Problem 1: Climbing Stairs

Problem: You are climbing a staircase with n steps. Each time you can climb 1 or 2 steps. How many distinct ways can you reach the top?

State: dp[i] = number of ways to reach step i.

Recurrence: dp[i] = dp[i-1] + dp[i-2] (you arrive from one step below or two steps below).

# Brute force: O(2^n) time
def climb_brute(n):
    if n <= 1:
        return 1
    return climb_brute(n - 1) + climb_brute(n - 2)

# Memoization: O(n) time, O(n) space
from functools import lru_cache

@lru_cache(maxsize=None)
def climb_memo(n):
    if n <= 1:
        return 1
    return climb_memo(n - 1) + climb_memo(n - 2)
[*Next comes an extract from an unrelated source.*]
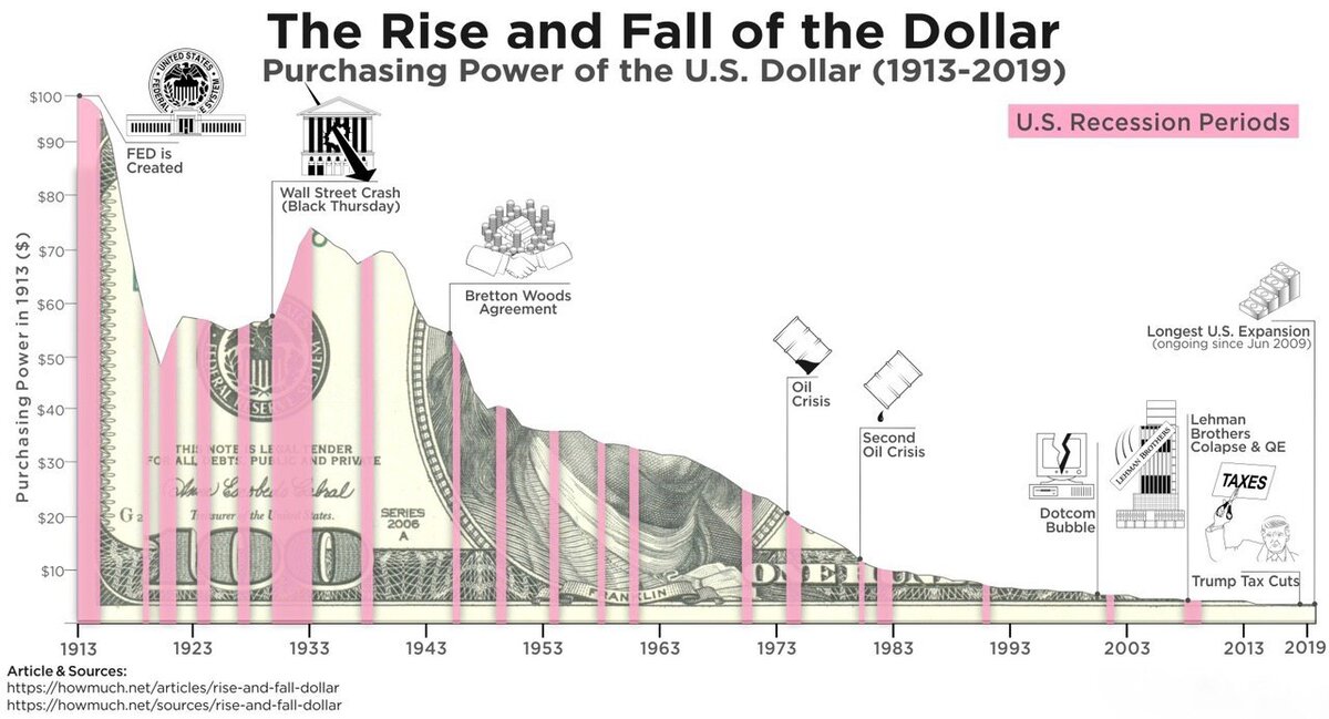 Визуализация покупательной способности доллара за последнее столетие Ни для кого не секрет, что сейчас 1 доллар даст вам меньше, чем 100 лет назад, но насколько снизилась покупательная способность доллара США за эти годы? Чтобы проиллюстрировать это, Howmuch создали визуализацию, которая демонстрирует рост и падение доллара с 1913 года. Используя этот график, мы можем видеть, как инфляция и изменения в индексе потребительских цен (ИПЦ) снизили покупательную способность доллара за последнее столетие. На графике видно, как с 1913 года изменилась покупательная способность или общий объем товаров и услуг, которые можно купить за один доллар. Кроме того, мы можем увидеть, как спады и крупные экономические события влияют на нашу покупательную способность. Покупательная способность доллара. Сколько стоит 100 долларов в 1913 году? 1913 год: 100 долларов 1923 год: 57,89 долларов 1933 год: 76,15 долларов 1943 год: 57,23 долларов 1953 год: 37,08 долларов 1963 год: 32,35 долларов 1973 год: 2

# Tabulation: O(n) time, O(1) space
def climb_tab(n):
    if n <= 1:
        return 1
    prev2, prev1 = 1, 1
    for i in range(2, n + 1):
        curr = prev1 + prev2
        prev2 = prev1
        prev1 = curr
    return prev1

# Test: climb_tab(5) = 8, climb_tab(10) = 89

Problem 2: House Robber

Problem: You are a robber planning to rob houses along a street. Each house has a certain amount of money. Adjacent houses have connected security systems — if two adjacent houses are robbed on the same night, the police are alerted. Find the maximum amount you can rob without alerting the police.

State: dp[i] = maximum money from robbing houses 0..i.

Recurrence: dp[i] = max(dp[i-1], dp[i-2] + nums[i]). Either skip house i (take dp[i-1]) or rob house i (take dp[i-2] + nums[i]).

# Brute force: O(2^n) time - try every subset of non-adjacent houses
def rob_brute(nums, i=None):
    if i is None:
        i = len(nums) - 1
    if i < 0:
        return 0
    # Choice: skip house i, or rob house i and skip i-1
    return max(rob_brute(nums, i - 1),
               rob_brute(nums, i - 2) + nums[i])

# Memoization: O(n) time, O(n) space
def rob_memo(nums):
    memo = {}
    def dp(i):
        if i < 0:
            return 0
        if i in memo:
            return memo[i]
        memo[i] = max(dp(i - 1), dp(i - 2) + nums[i])
        return memo[i]
    return dp(len(nums) - 1)

# Tabulation: O(n) time, O(1) space
def rob_tab(nums):
    if not nums:
        return 0
    if len(nums) == 1:
        return nums[0]
    prev2, prev1 = 0, nums[0]
    for i in range(1, len(nums)):
        curr = max(prev1, prev2 + nums[i])
        prev2 = prev1
        prev1 = curr
    return prev1

# Test: rob_tab([2,7,9,3,1]) = 12 (rob houses 0,2,4: 2+9+1=12)

💡

Pattern insight: House robber is the "include/exclude" pattern. At each step you decide to include the current element (and skip the previous) or exclude it. This pattern appears in dozens of DP problems.

Problem 3: Coin Change

Problem: Given coins of different denominations and a total amount, find the minimum number of coins needed to make that amount. Return -1 if it cannot be made.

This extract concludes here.